Password Hashing and PHP Insanity

I won’t delve into too many details in this post–it distracts from the crux of my argument–but I will take a few detours along the way. If you’re reading this, you have access to Google; thus, further research is left as an exercise to the reader.

Firstly, I want to make a point that’s been grating on me for a while. It’s 2014, and there are still some of you out there who insist on using MD5 (or some flavor of SHA) for password hashing. This is absolute insanity. Worse, this isn’t really a matter of insistence as much as it seems to be the fault of two things: Terrible tutorials that perpetuate a horribly broken practice followed by blissful developer’s ignorance. Yes, I know–you’re not a security expert–but neither am I! And I still know this isn’t something you should be doing. If someone as stupid as me can figure it out, then what the heck is going on out there? Burying your head in the sand doesn’t magically make fast hashing algorithms any better for password security.
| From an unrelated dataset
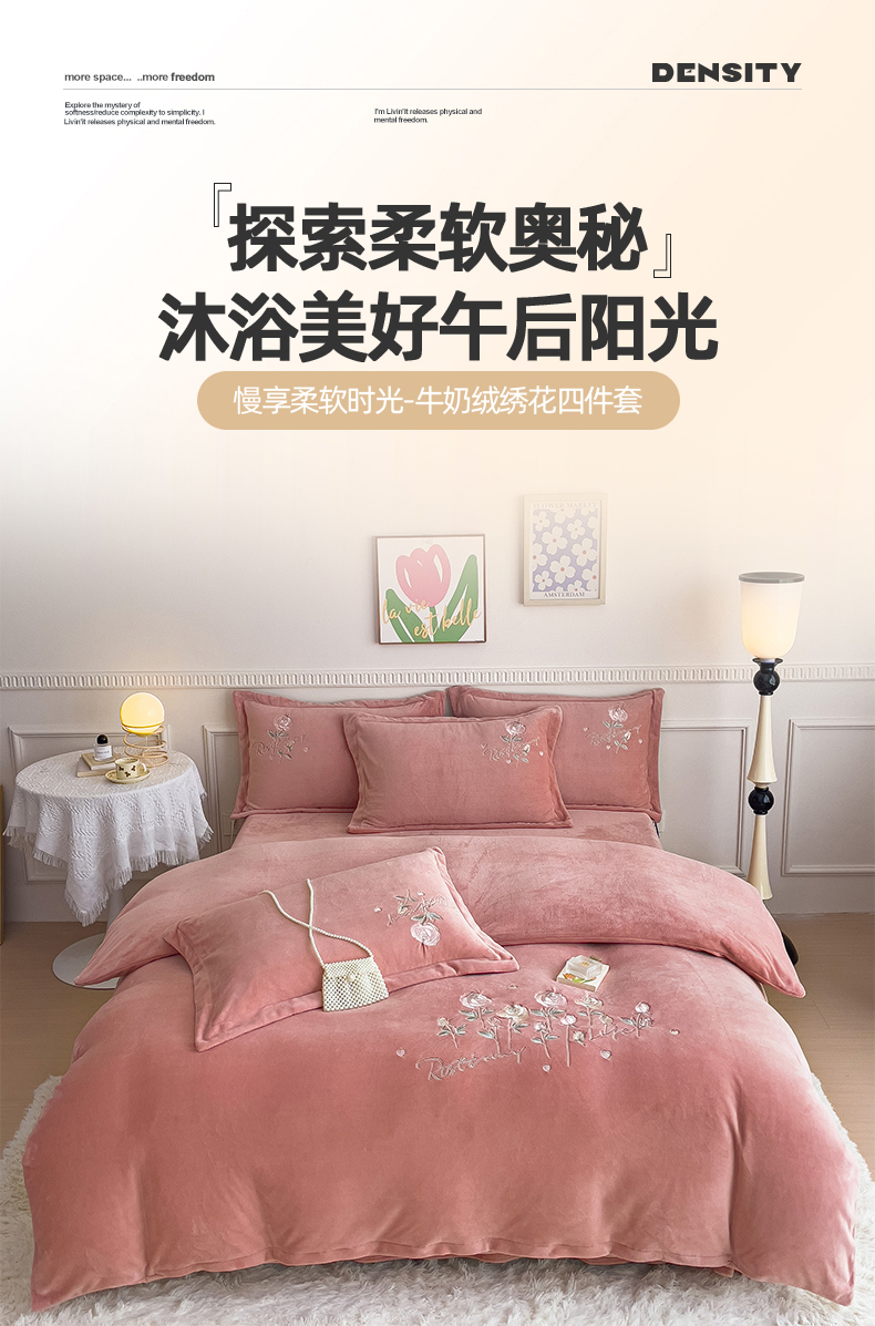 (总)云锦2023秋冬新品全棉磨毛绣花四件套缦芯,缦芯粉,缦芯灰,缦芯橘,缦芯蓝,缦芯紫
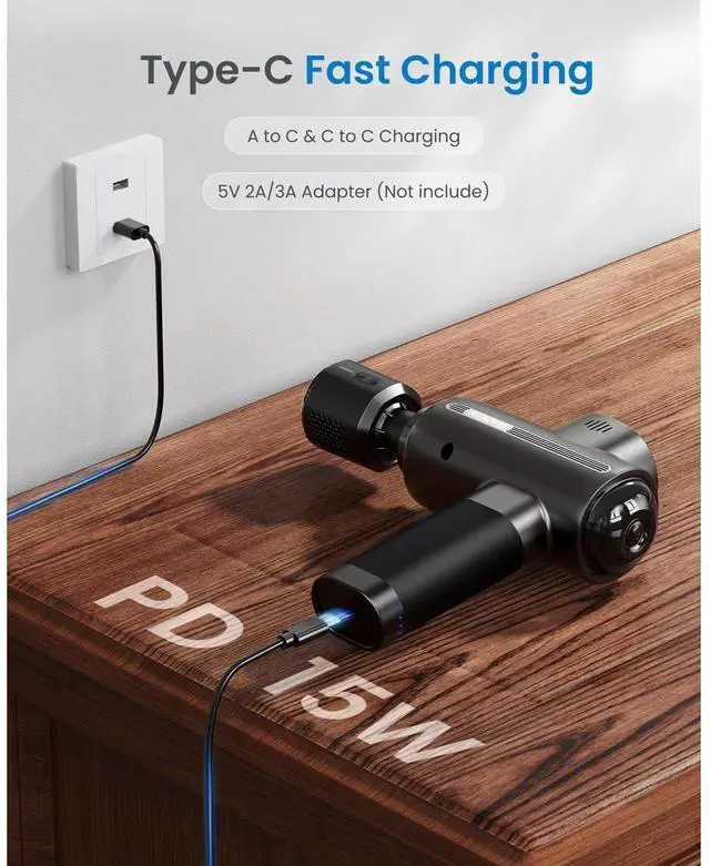 ULTRA-FAST CHARGING & LONG BATTERY LIFE: 15W PD charging (1.52 hours) keeps the long-lasting back massager ready for weekend trips, tournaments, or camping. Battery lasts multiple sessionsno dead battery mid-use like typical 4+ hour chargers.

Second, and most depressing, is the number of commercial products that have never used anything other than MD5 hashes for password storage and many continue using this archaic practice. vBulletin 3 (all versions), vBulletin 4 (all versions), and IP.Board up to at least version 3.4 (probably later) use some variation of salts plus MD5 to store password hashes. For all I know, it’s possible newer versions of the aforementioned software still do this for backwards compatibility. This means that if you’ve registered on almost any major forum on the Internet, there’s a very strong likelihood that if the site is compromised, your password is going to be discovered almost immediately. How immediate is “immediately?” Well, considering that as of 2012, a single Radeon GPU could generate something on the order of 8 billion MD5 hashes per second (assuming I read that correctly), most “strong” passwords are unlikely to survive a week or two. After a month, it’s unlikely any but the most absolutely convoluted password will be discovered. Even if your password is discovered, you probably won’t even know, because disclosure assumes the forum operator 1) knows they were compromised and 2) is forthcoming about the breach. Realistically, the best bet is to assume that any password you’ve ever entered on a message board has been compromised the moment you’ve entered it (they’re probably not using SSL anyway) and never reuse that password (using something like KeePass or KeePassX helps).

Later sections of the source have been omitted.